Из бара они вышли часа в три и двинулись к маленькой бухточке, где у причала, покачиваясь среди множества других судов, их ждал баркас, выкрашенный синей и белой краской.
Юго-восточный ветер гнал волну в эстуарий, и баркас взлетал на гребни, вздымая веер брызг. Через десять минут они уже были у себя, в домике на берегу реки.
Меченый почувствовал вкус речной воды еще за пятьдесят километров, преодолевая четырехметровую песчаную отмель, отделявшую залив от открытого моря.
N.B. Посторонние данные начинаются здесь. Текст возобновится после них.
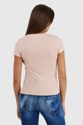 GUESS Women's peach t-shirt with glitter logo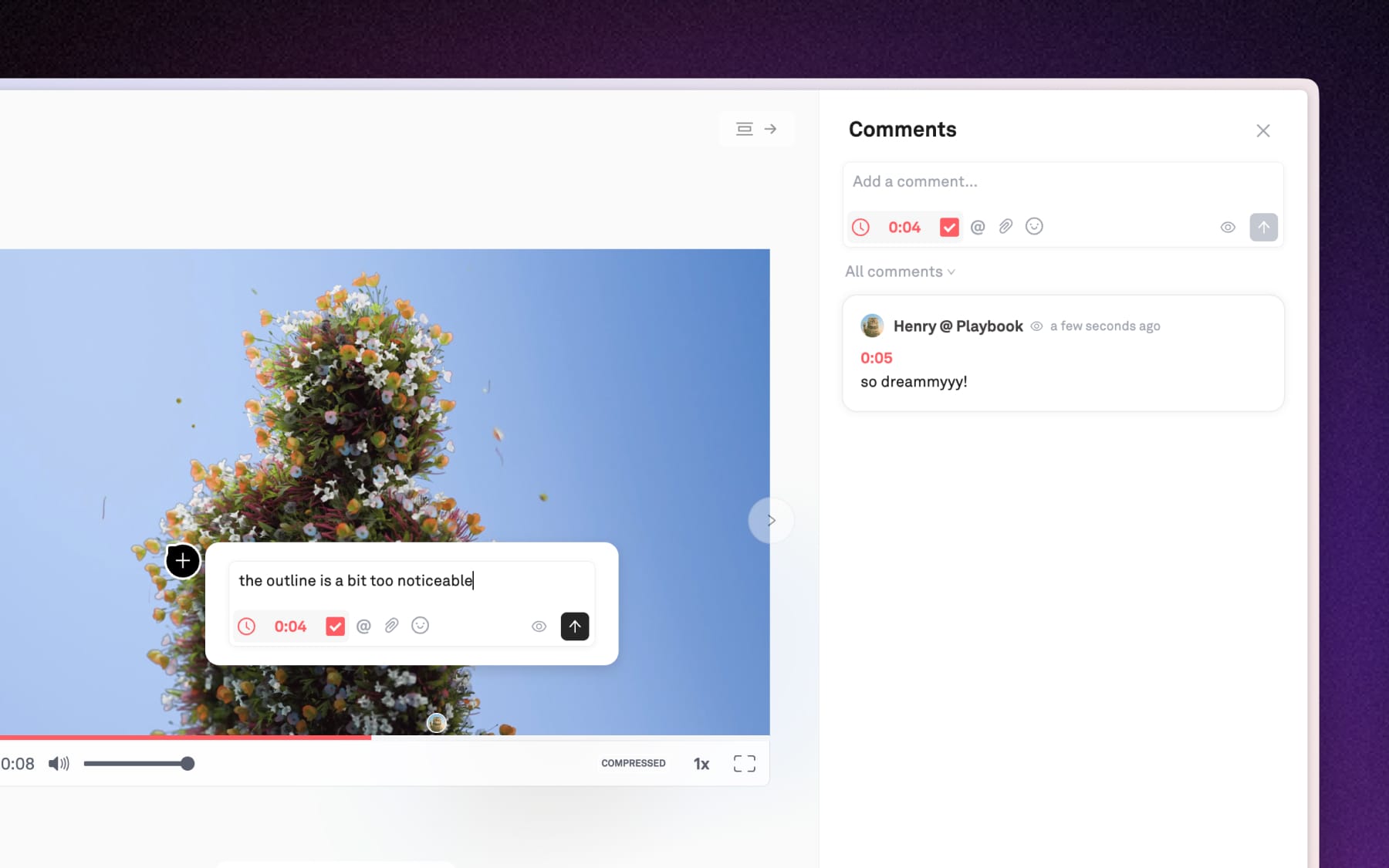 - Auto-timestamp: Playbook automatically attaches the exact time to your comment. You can unselect it to not include timestamp.

В это время Джеймс и Адель доедали последние куски жареной пристипомы и пили вино из пятилитрового картонного пакета. Над эстуарием спустилась ночь, однако же при яркой луне им и во тьме были видны белые гребешки волн, вспыхивавшие и исчезавшие, словно тысячи ромашек в поле на ветру. Меченый величаво плыл по реке, войдя в нее по одному из боковых проливов.
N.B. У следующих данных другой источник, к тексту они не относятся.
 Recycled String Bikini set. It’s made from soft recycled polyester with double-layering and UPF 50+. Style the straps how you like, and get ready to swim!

Сперва он поймал маленького луфаря, потом – оливковую пристипому, покрытую черными пятнышками, буквально метрах в ста от домика, где ужинали Джеймс и Адель. Волны на поверхности реки – хотя плыл он на глубине, равной примерно длине весла, – бодрили Меченого и были даже приятны: их прикосновения как бы массировали, ласкали все его тело.
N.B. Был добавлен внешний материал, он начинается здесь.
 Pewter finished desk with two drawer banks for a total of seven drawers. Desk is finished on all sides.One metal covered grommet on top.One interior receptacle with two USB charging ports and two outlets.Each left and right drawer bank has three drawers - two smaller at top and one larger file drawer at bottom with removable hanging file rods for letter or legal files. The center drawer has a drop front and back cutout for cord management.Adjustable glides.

Он отмечал каждую мелочь вокруг, хотя не раз уже бывал в этих водах. Дно, которого он касался своим анальным плавником с отметиной, представляло собой довольно рассыпчатую смесь глины, песка и кусочков известняка с торчащими обломками ракушек; справа, у берега, пролегала широкая полоса ила – она полого спускалась к середине реки и служила жилищем множеству креветок. Слева от Меченого берег круто уходил вверх скалистым уступом. И далеко вокруг себя, точно на экране радара, он точно определял движение других рыб, которые старались не попадаться ему на пути, молнией пролетая над ним и мгновенно исчезая из его поля зрения. В отличие от отмелей открытого моря и особенно от глубоководных частей рифов, здесь было тихо и покойно, и Меченый отдыхал, неторопливо двигаясь по сужавшейся протоке, где вода становилась все менее соленой; он не боялся ничего и никого, ибо – по крайней мере, в ту ночь – явно был самым крупным из здешних обитателей. Он все еще рос, однако теперь уже значительно медленнее. Сейчас он был длиннее высокого взрослого мужчины и весил более семидесяти килограммов; он внимательно всматривался в темную ночную речную воду огромными глазами, ритмично открывал и закрывал пасть, достаточно большую, чтобы проглотить среднего размера собаку, и в целом вызывал у жителей этих тихих вод ужас и восторг.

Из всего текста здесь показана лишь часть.